▶ **About this exercise**
Copy the complete listing word for word, but do not carry over any images.

▶ **Data block**
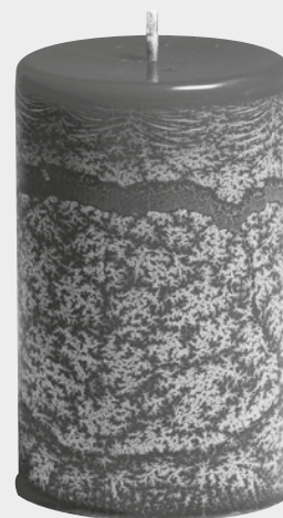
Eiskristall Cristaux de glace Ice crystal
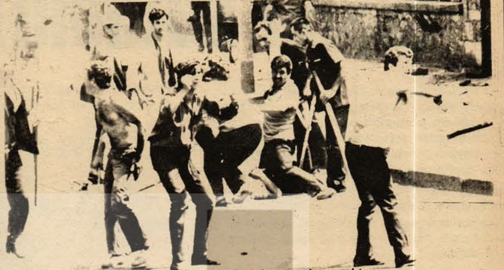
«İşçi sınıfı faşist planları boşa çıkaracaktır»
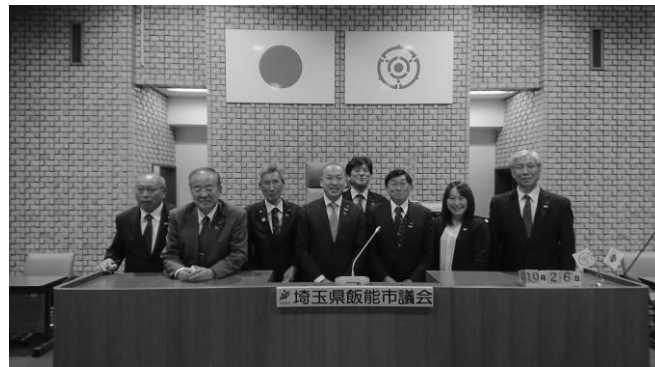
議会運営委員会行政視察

▶ **Problem solution**
Eiskristall Cristaux de glace Ice crystal
«İşçi sınıfı faşist planları boşa çıkaracaktır»
議会運営委員会行政視察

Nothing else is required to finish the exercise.